I am an old-school Marxist-socalist so the Labour Party, as it is now, is not what I would want ideally but it is better than the alternatives. I wanted Labour to win the election. My heart is with the genuine compassion of the LibDems but Ed Davey does not have the steel necessary to lead a country whereas I think Starmer does.
I voted tactically last July to unseat a Tory who supported Truss but at the same time I was confident I was voting for the best candidate, a Lib Dem with long experience in local government who continues to work hard in Westminster for our constituency. Labour hadn’t won this prosperous seat since 1946 and didn’t put up a strong candidate.
Rousseau famously wrote:
Man was born free, and everywhere he is in chains. The English people believes itself to be free; it is gravely mistaken; it is free only during the election of Members of Parliament; as soon as the Members are elected, the people is enslaved; it is nothing.
I think that’s what many people think at the moment - not really knowing what Labour stands for after some early decisions that have left people concerned, decisions which seem far removed from the ethos of my heroes, Attlee, Bevan and Tony Benn - but I accept that government now is at the mercy of the Treasury and financial markets and needs to be prudent.

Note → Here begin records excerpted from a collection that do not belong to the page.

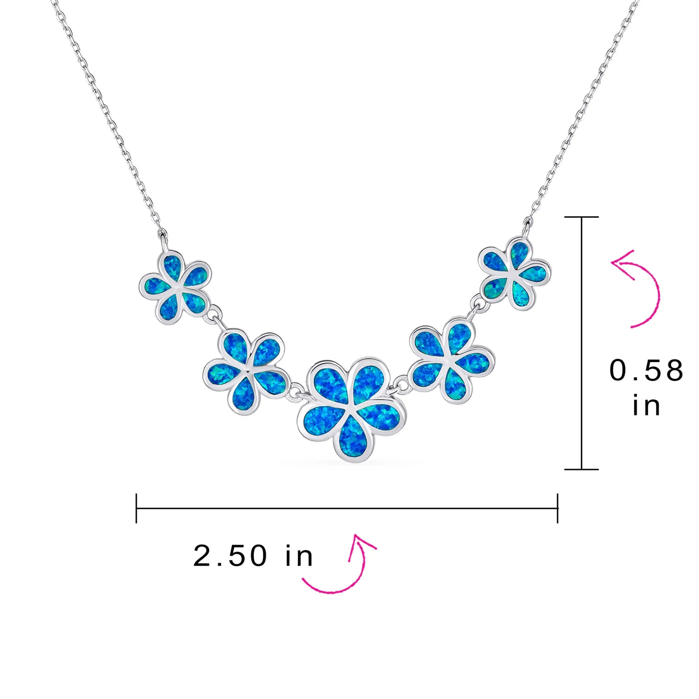 - Celebrate October birthdays in style with our Hawaiian Plumeria Flower Blue Opal Inlay Pendant. Perfect for starting the party. Surprise her with a .925 Sterling Silver flower pendant that guarantees a smile. Flower necklaces are our top sellers, and this one is stunning. The five-petal flowers feature created blue opal that changes color with light. Rhodium-plated sterling resists tarnish. Created Opal is a mystical gemstone, adding spirituality to this beautiful jewelry piece. Order today!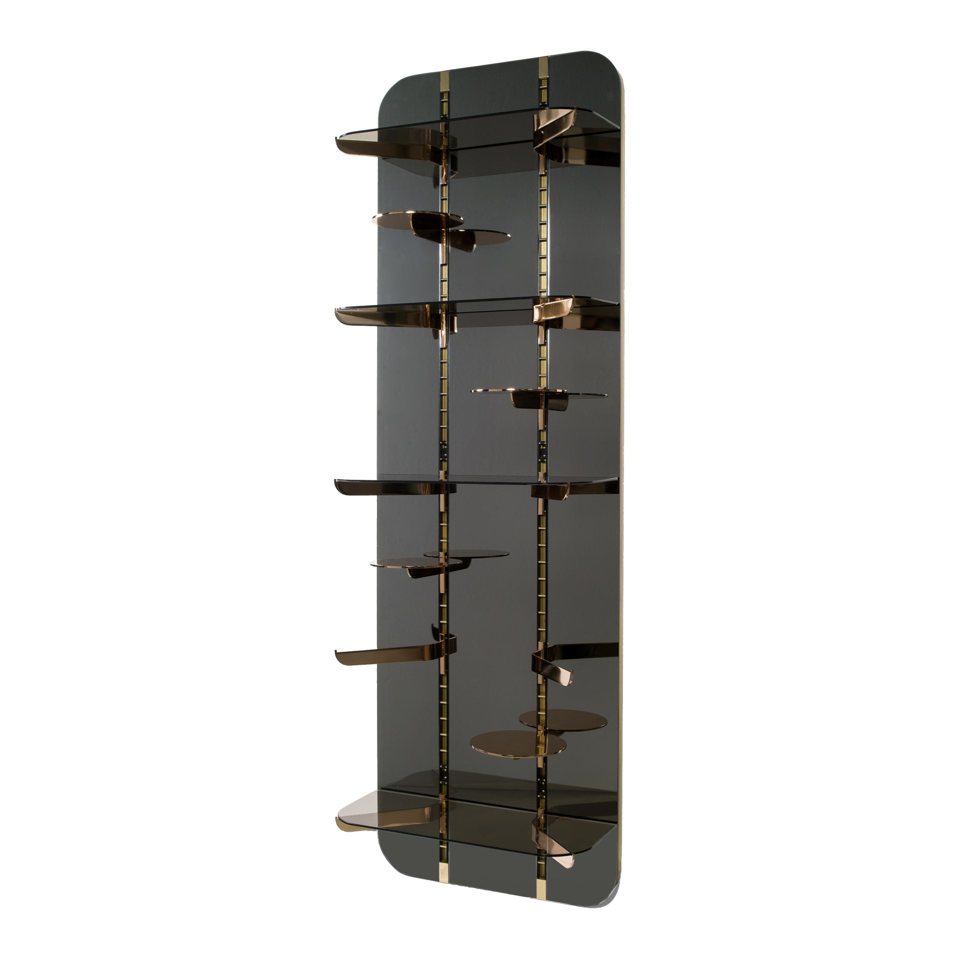 Struttura in legno. Vetro a specchio. Cremagliere e reggipiani in metallo. Ripiani in metallo e vetro colorato temperato.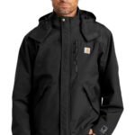 Carhartt’s Shoreline Jacket is made of durable nylon with a waterproof, breathable membrane: sweat can get out, rain can’t get in. 7.3-ounce, 100% nylon oxford shell Storm Defender ® waterproof, breathable membrane Rain Defender ® durable water repellent 10K/10K waterproof/breathable protection rating Polyester mesh lining in body, nylon taffeta lining in sleeves and hood Snap-on/detachable visored hood with drawcord adjuster Vislon ® front zipper with chin guard and double outer storm flap Left chest map pocket with waterproof Vislon ® zipper Two interior pockets with hook and loop closures Two lower-front pockets with zippered closures and storm flaps Inner sleeve storm cuffs Carhartt-strong, triple-stitched main seams Carhartt label sewn on chest pocket Loose fit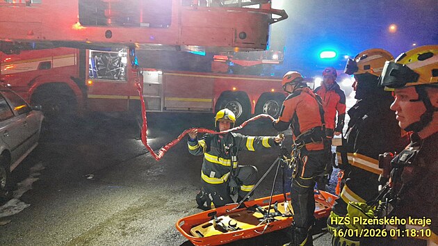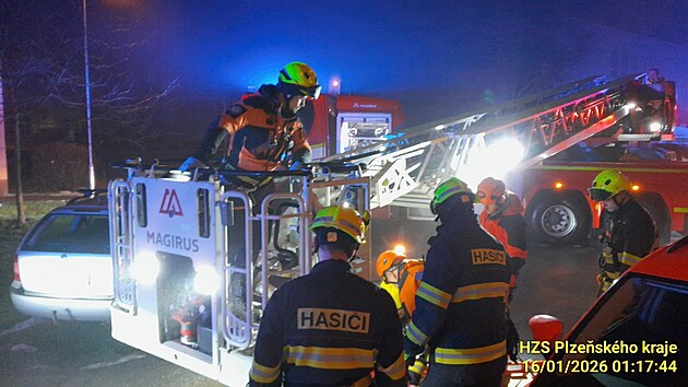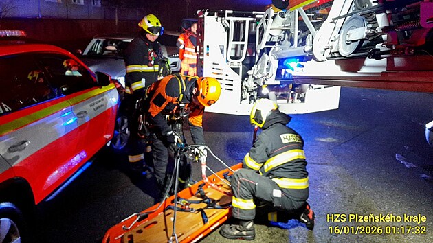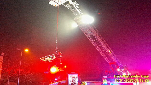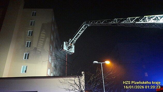 Hasiči zachraňovali ženu, která spadla z panelového domu ve Třemošné u Plzně na střechu kotelny. (16. ledna 2026)

What I would really like to see longer-term is an end to the dominance of the two major political parties so that we have more cross-party collaboration. That is when Parliament is at it’s best, when MPs are working together, not opposing for the sake of it.
I would like an end to FPTP and implementation of the Alternative Vote system that we rejected in 2011. LibDems are most people’s second favourite party so they would win more seats. Reform is the least popular of all the parties. Other than with Reform voters, they are the very last choice for everybody else, so they would not do well under AV - unless they could secure more than 50% of the votes for a seat in the first place which even Farage couldn’t manage in Clacton. I believe the only party leader to win their seat in 2024 with more than 50% was Ed Davey.
As well as more cross-party collaboration, I would like to see more true Independents (who aren’t simply working as such after losing a party whip). I would also like to see the end of whipping so that MPs can vote for what is best for their constituents not what the Party wants.
I too see that the other thread has been taken down. I was going to post this link to a paper published in March 2024 (so before the election) by Professor Matt Goodwin for the Legatum Institute: Who’s Voting Reform? so I’ll pop it here if anyone interested:
li.com/wp-content/uploads/2024/03/WHOS-VOTING-REFORM-25.03.24.pdf
I gives a very clear analysis of who is voting Reform and why - better than taking a Vox pop on what is a very small platform which only served to stir up the usual, and by now very tired, sniping.